I am by no means a cook. I attempt and enjoy baking but cooking has never been my specialty so I was pleasantly surprised to try a new pizza recipe tonight that came out amazing. Aiden, Chris and Mike all commented and raved about which could be a first. The trick is totally in preheating your oven as recommended AND your baking stone. Something so simple yet makes such a difference. This recipe is a keeper in our family for sure. If you’re still in search of a satisfying pizza crust, give this one a whirl.
I loaded my bread machine with all ingredients, started it up, preheated my oven and pizza stone to 500 and waited. The result, fluffy, puffy, crunchy pizza crust. The best of everything. Enjoy!
Perfect Pizza Dough
1/2 cup warm water
2 1/4 tsp. instant yeast
4 cups (22 oz.) bread flour, plus more for dusting
1 1/2 tsp. salt
1 1/4 cup water, at room temperature
2 tbsp. extra-virgin olive oil
Measure the warm water into a 2-cup liquid measuring cup. Sprinkle the yeast over the top. In the bowl of a stand mixer fitted with the paddle attachment, combine the bread flour and salt, mixing briefly to blend. Measure the room temperature water into the measuring cup with the yeast-water mixture. With the mixer on low speed, pour in the yeast mixture, as well as the olive oil. Mix until a cohesive dough is formed. Switch to the dough hook.
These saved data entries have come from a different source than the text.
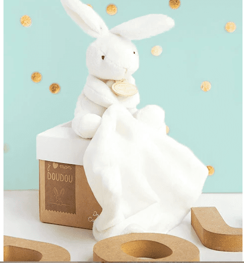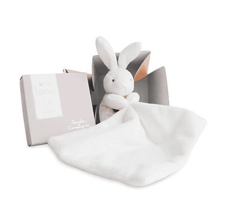 Le petit lapin blanc s'offre dans un petit coffret avec son mouchoir brodé au prénom de l'enfant.
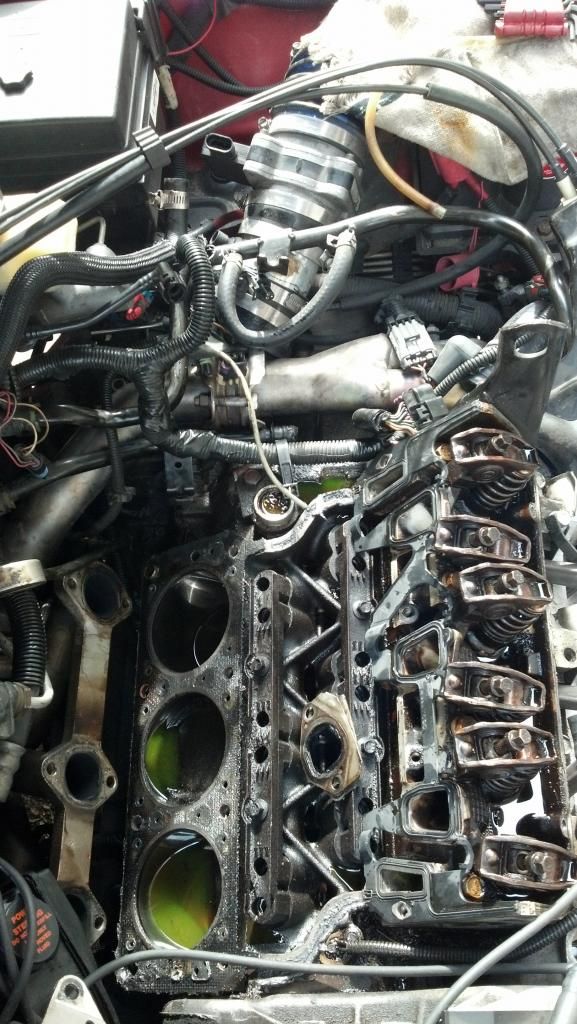 right.yeah head is back on, lim is back on, power stearing, idler, alt, and tensoner are all back on. valve covers back on. had to stop today when i noticed the o ring on my fuel rail needs to be replaced. of course the normal part stores didnt have one, so i'm praying napa has one for me tomorrow. its a lot of work, but when its all sealed up it will be worth it, i hope. if i turn the key and all hell breaks out, i'm liable to blow the mother f*cker up at this point. and part out whats still alive after words ![]()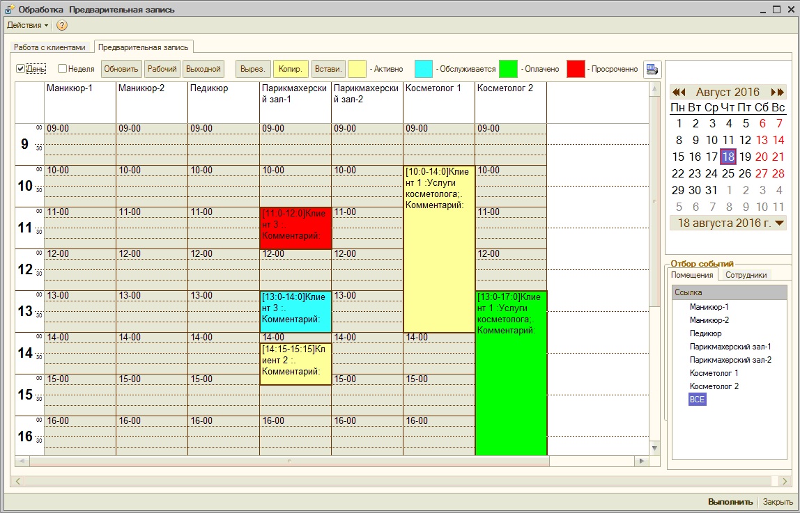 - Детальное ведение клиентской базы (контактная информация, история взаимоотношений, предварительная запись).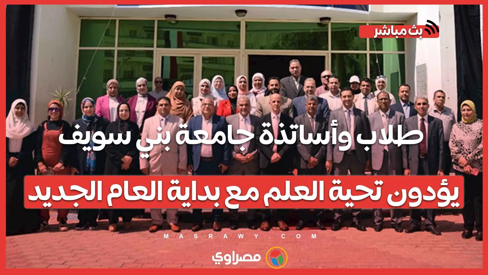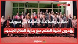 طلاب وأساتذة جامعة بني سويف يؤدون تحية العلم مع بداية العام الجديد

Knead on low speed until smooth and elastic, about 5 minutes. Transfer to a lightly oiled bowl, turning once to coat. Cover with clean kitchen towel and let rise until doubled in bulk, about 1 hour.
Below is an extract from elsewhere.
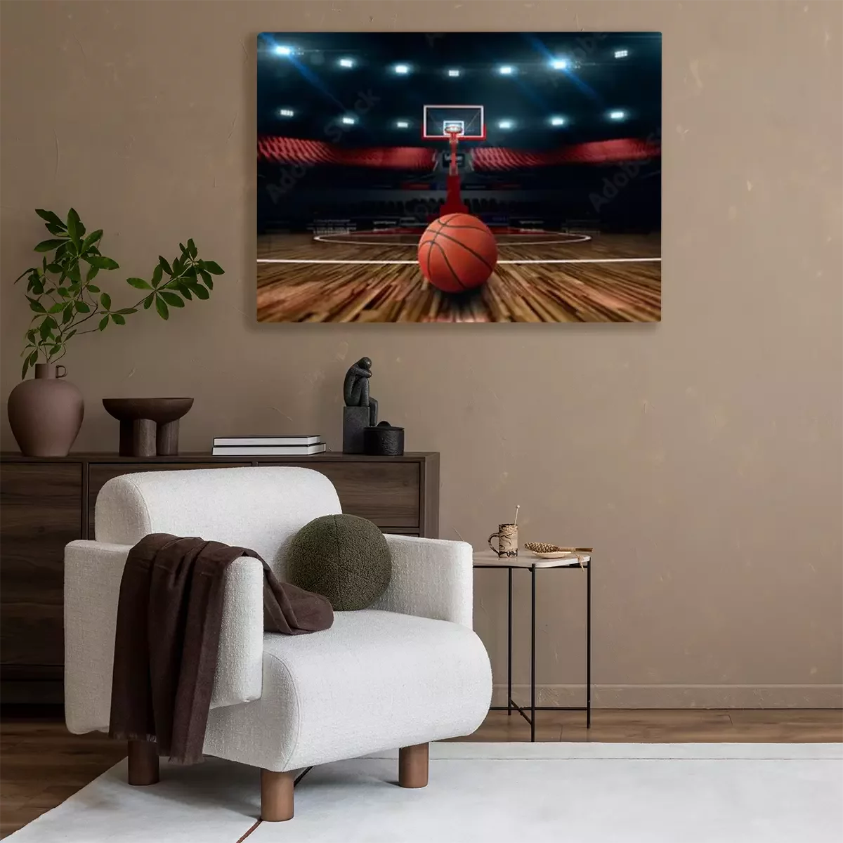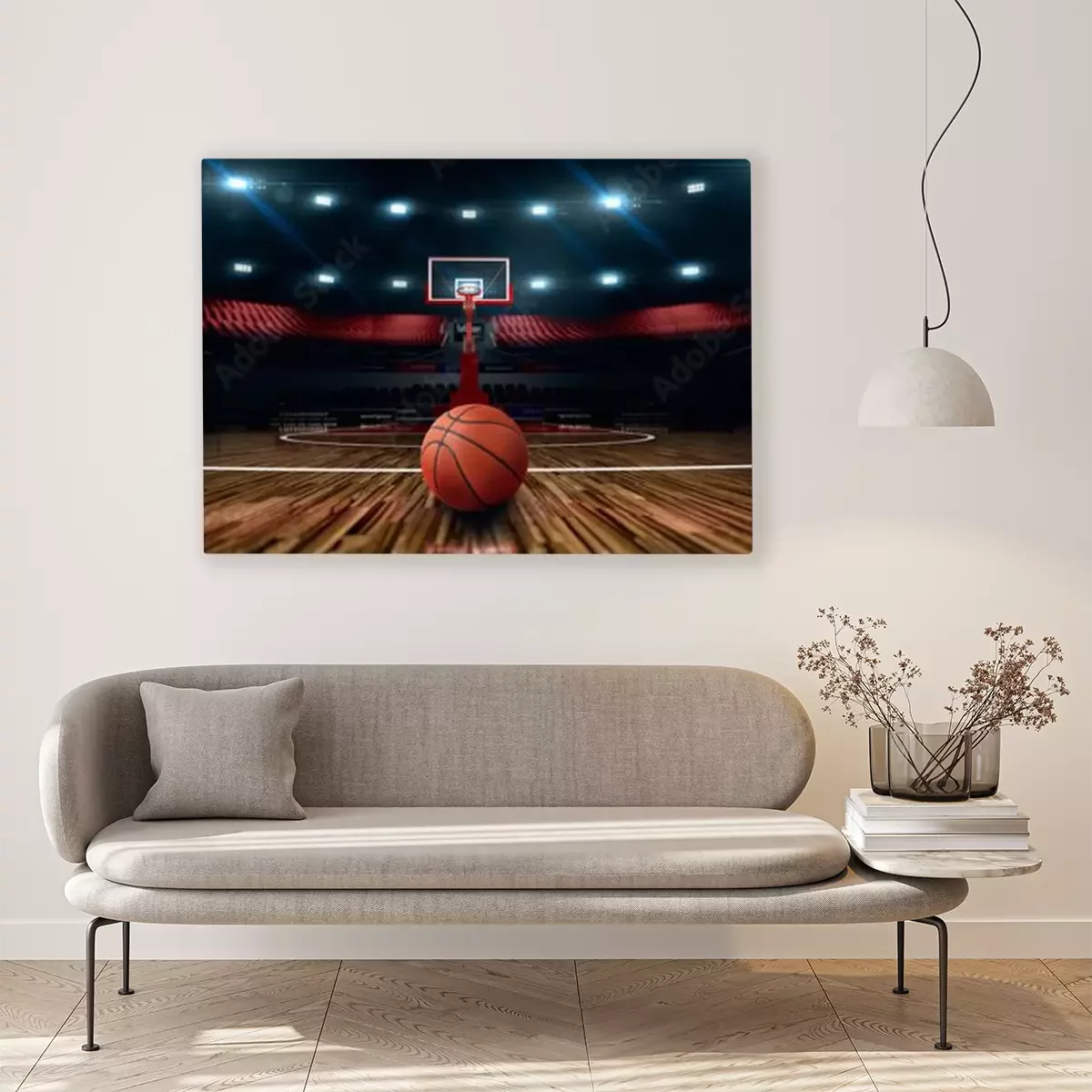 Bild: Baskettball in beleuchteter Sporthalle

Press down the dough to deflate it. Transfer the dough to a lightly floured work surface. Divide the dough into two equal pieces. Form each piece of dough into a smooth, round ball. Cover with a clean kitchen towel. Let the dough relax for 20 minutes.
To bake, preheat the oven and pizza stone to 500* F for at least 30 minutes. Transfer the dough to your shaping surface, lightly sprinkled with cornmeal. Shape the dough with lightly floured hands. Brush the outer edge lightly with olive oil. Top as desired. Bake until the crust is golden brown, and cheese is bubbling, 8-12 minutes.